Em suas razões, sustenta o banco reclamado que jamais foi reconhecida estabilidade judicialmente ao reclamante, sendo certo que não se tem no dispositivo da invocada coisa julgada reconhecimento da estabilidade decenal prevista no art. 492 da CLT, não podendo se entender que houve o reconhecimento judicial da mesma nos idos de 1992.

Sem razão.

Portanto, e como bem observado pelo Juízo de origem, a dispensa realizada em 04/12/2014 é nula, pois viola o direito de estabilidade concedido ao reclamante, direito este já transitado em julgado.

Desnecessária a apresentação da petição inicial do processo que originou o Acórdão que deferiu a estabilidade legal, salientando-se que o banco réu também foi parte naqueles autos e também não apresentou a inicial daqueles autos.

Assim, devida a reintegração vindicada, eis que a demissão violou o título judicial e a estabilidade legal transitada em julgado.

Sentença mantida, neste particular.

RO 0010751-43.2015.5.01.0042

I - DAS HORAS EXTRAS.

Nego provimento.

A sentença julgou o pedido procedente pelos seguintes fundamentos:

"Apesar de ocupar nominalmente a função de"supervisor operacional"(correspondente à antiga nomenclatura" Chefe de Serviços Bancários "), alega que, desde sua primeira reintegração, em abril/1989, até sua dispensa em 04-12-2014, passou a exercer"atividades meramente burocráticas e auxiliares, de arquivismo e outros serviços gerais, que evidentemente não se revestem de qualquer característica de função de confiança, chefia, gestão ou representação, de que trata o art. 224, § 2º da CLT".
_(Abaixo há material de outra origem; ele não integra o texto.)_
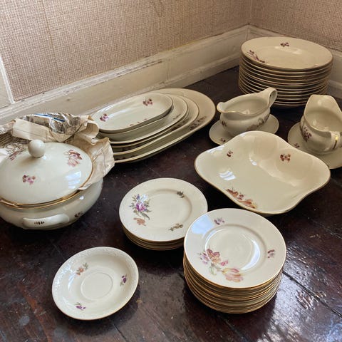 Porcelæn, Spisestel , Tjekkisk, Blomstret spisestel til 4 personer incl. diverse skåle og fade.

A testemunha Sra. Andreia, ouvida a convite do autor, disse que"com o Reclamante, trabalhou na agência Amaral Peixoto (8563); que trabalhou em contato com o Reclamante nessa agência de 10/2011 a 05/2013 (...) que, no dia-adia, o Reclamante atuava, basicamente, com funções de arquivo, talões, inventários, conferências; que o Reclamante não tinha subordinados; que o Reclamante não fiscalizava as atividades dos caixas; que o Reclamante não organizava escalas de trabalho; que o Reclamante não possuía chaves do cofre, nem da agência; que o Reclamante não possuía senhas de alarme e coação; que o Reclamante não possuía cartão supervisor; que o Reclamante não possuía procuração (...) não assinava contratos em nome do banco (...) não controlava dinheiro da agência (...) não autorizava o pagamento de despesas de manutenção, nem de despesas de impostos ou taxas (...) não recebia em nome do banco citações ou intimações judiciais (...) não respondia pela contabilidade da conta

centralizadora da agência (...) não respondia pela emissão ou assinatura de cheques administrativos (...) a designação do cargo de supervisor operacional correspondente ao cargo de tesoureiro; que, na época da depoente, quem fazia o backup do gerente operacional era o tesoureiro (...)".

A testemunha Sr. Pedro, também ouvida a convite do autor, depôs no mesmo sentido da testemunha mencionada anteriormente, acrescentando que" apenas o depoente ou o Sr. Luiz atuava na tesouraria (...) o autor não fiscalizava o trabalho dos caixas (...) o autor nunca mexeu com dinheiro na agência (...) ".

A partir de tais depoimentos, inclusive no tocante às declarações do autor, tenho que o conjunto de atividades exercidas pelo autor era eminentemente burocrática, não implicando fidúcia especial, hábil a enquadrar o autor na hipótese legal do art. 224, § 2º, da CLT.

Assim, julgo procedente o pedido para condenar o réu ao pagamento de" duas horas extras diárias (sétima e oitava), com acréscimo de 50%, e diferenças das horas extras além da oitava pagas em contracheque, pelo seu recálculo ", observados os seguintes parâmetros: divisor 180 (Súmula 124 do TST), evolução salarial do autor, os dias efetivamente laborados e a Súmula 264 do TST, com os reflexos definidos na petição inicial, em parcelas vencidas e vincendas."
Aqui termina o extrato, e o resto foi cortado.